When therapeutically walking patients, one of the most concerning issues we may encounter is knee buckling. These sharp, fast, unexpected knee flexions can be difficult to counter. Patients who can’t stop buckling may fall, and the heavier the patient, the harder it can be to counter buckling knees.

Knee buckling can be a symptom of muscular weakness—the focus of this article. Please note, however, that there can be other significant causes such as nerve conditions, patellar (knee cap) instability, torn menisci (cartilage) or anterior cruciate (ligament) injuries, medial collateral (ligament) injuries, and our perennial favorite, osteoarthritis. Notably, osteoarthritis, coupled with muscular weakness, is often the one-two punch that provokes falls.
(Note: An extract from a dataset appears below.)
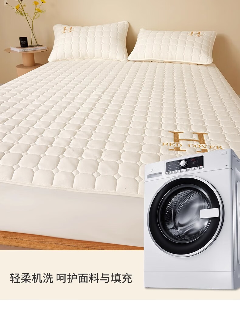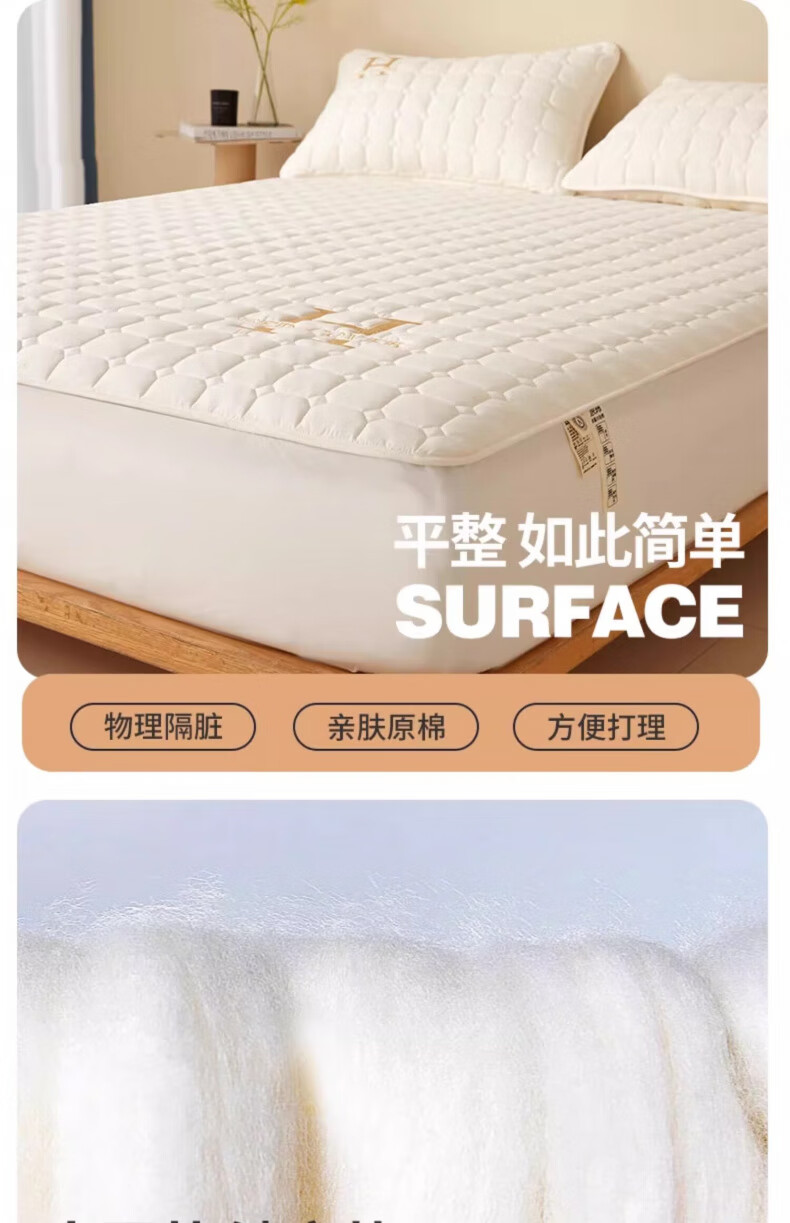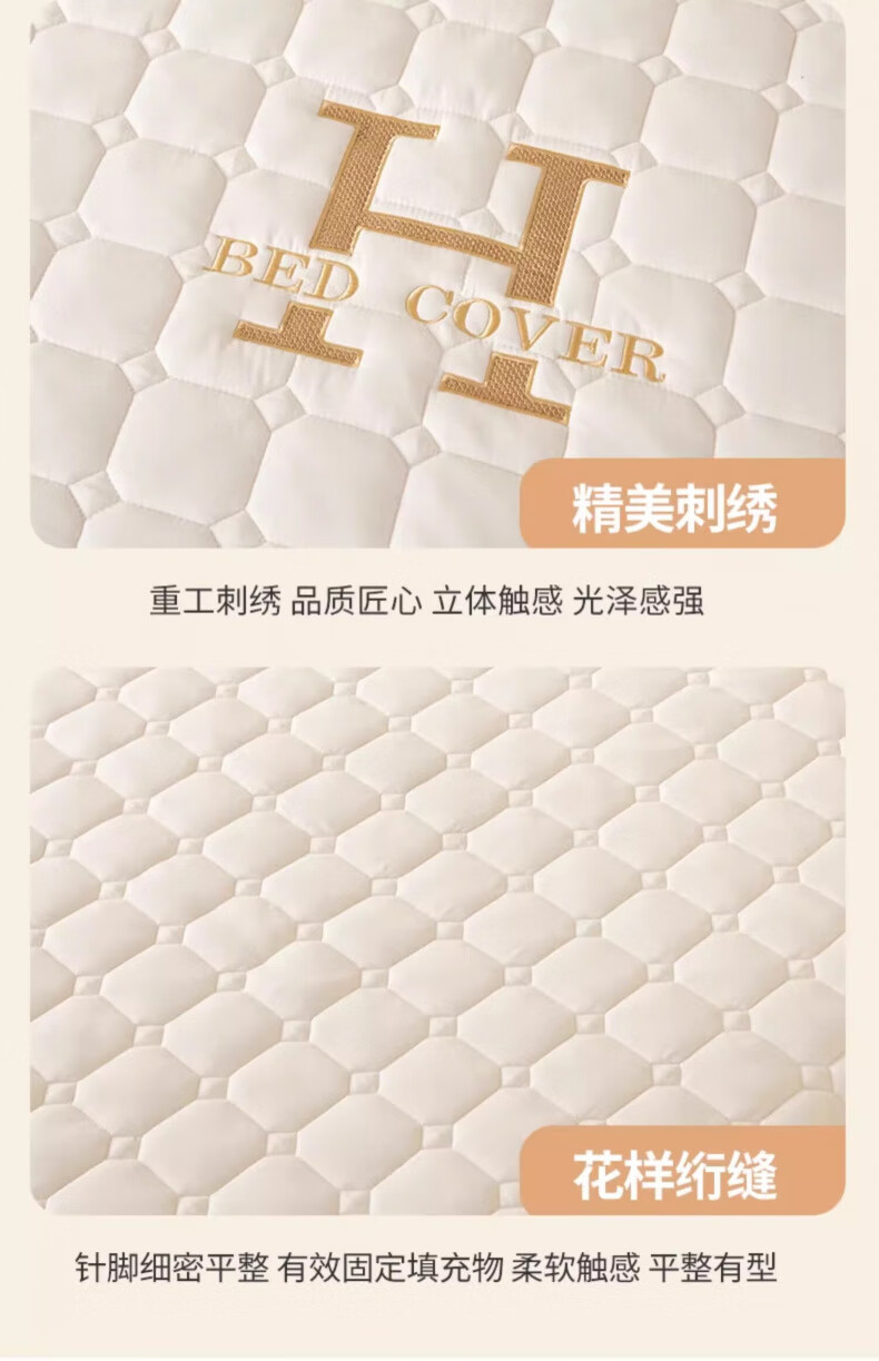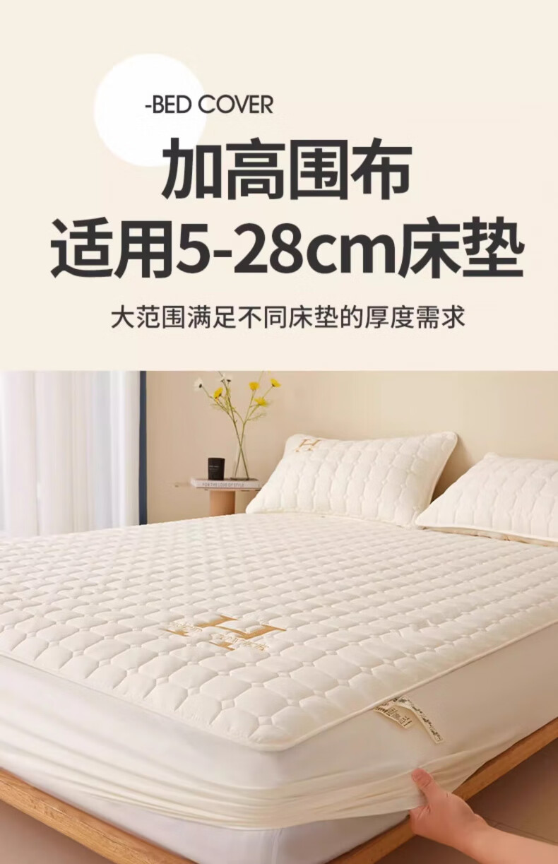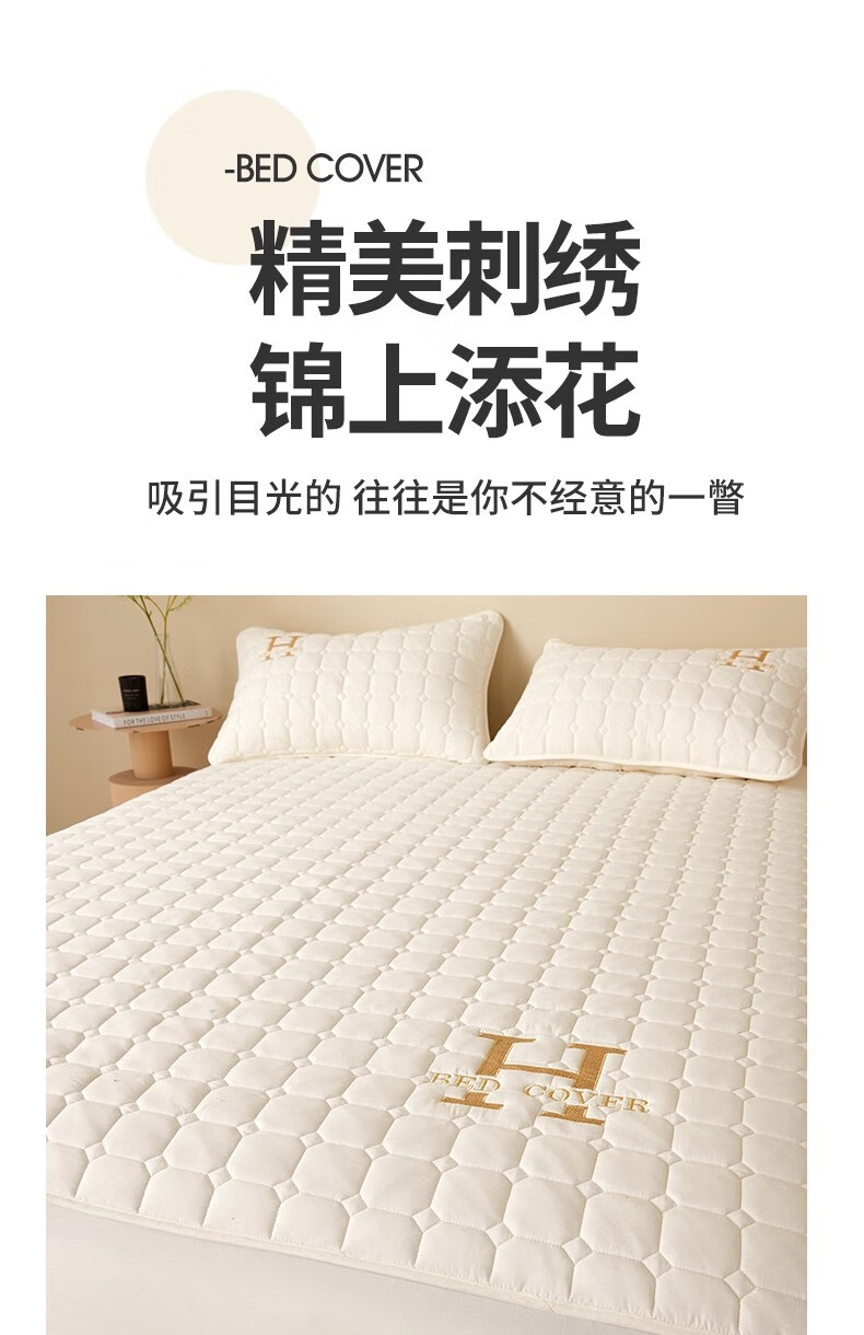 AILUKI日本全棉床笠A类母婴大豆纤维加厚夹棉防尘全包床笠罩 团购 床笠+枕套一对 180cm*200cm

When people perceive leg weakness and knee buckling, they often tend to avoid or reduce their activity levels to minimize the risk of falls and injuries. Weakness persists or worsens and activity decreases, increasing the risk of falls.

Let’s do something about it.

6 Knee-Strengthening Exercises to Help You Stand Firm


The following exercises can help you regain strength and mobility while reducing your risk of falls. They work well for my patients, but I recommend consulting with your medical provider to ensure that they are right for you.

1. Seated Knee Extension/Flexion


Let’s start with a high-mobility knee exercise to warm your knees, preparing them for the following, more intense exercises.

Step 1: Sit upright in a chair with your feet flat on the ground. Slowly extend your right knee until it’s completely straight and your foot is straight out. Next, slowly lower it back to the floor.

Step 2: Pull your foot backward under the chair until you move it back as far as you can. Return to the starting position.

Step 3: Lifting your foot out straight and then back counts as one repetition. Try to perform three sets of 20 repetitions per side. You can alternate between sides or perform all repetitions on one side and then the other.

Modifications: If you can’t straighten your knees completely, just move them as far as you can.

Why I like it: This is a simple yet effective warm-up exercise that prepares your knees for other resistance exercises.

2. Counter Squats


Now that your knees are warmed up, let’s introduce more dedicated resistance training, with the counter squat being an excellent choice to start with.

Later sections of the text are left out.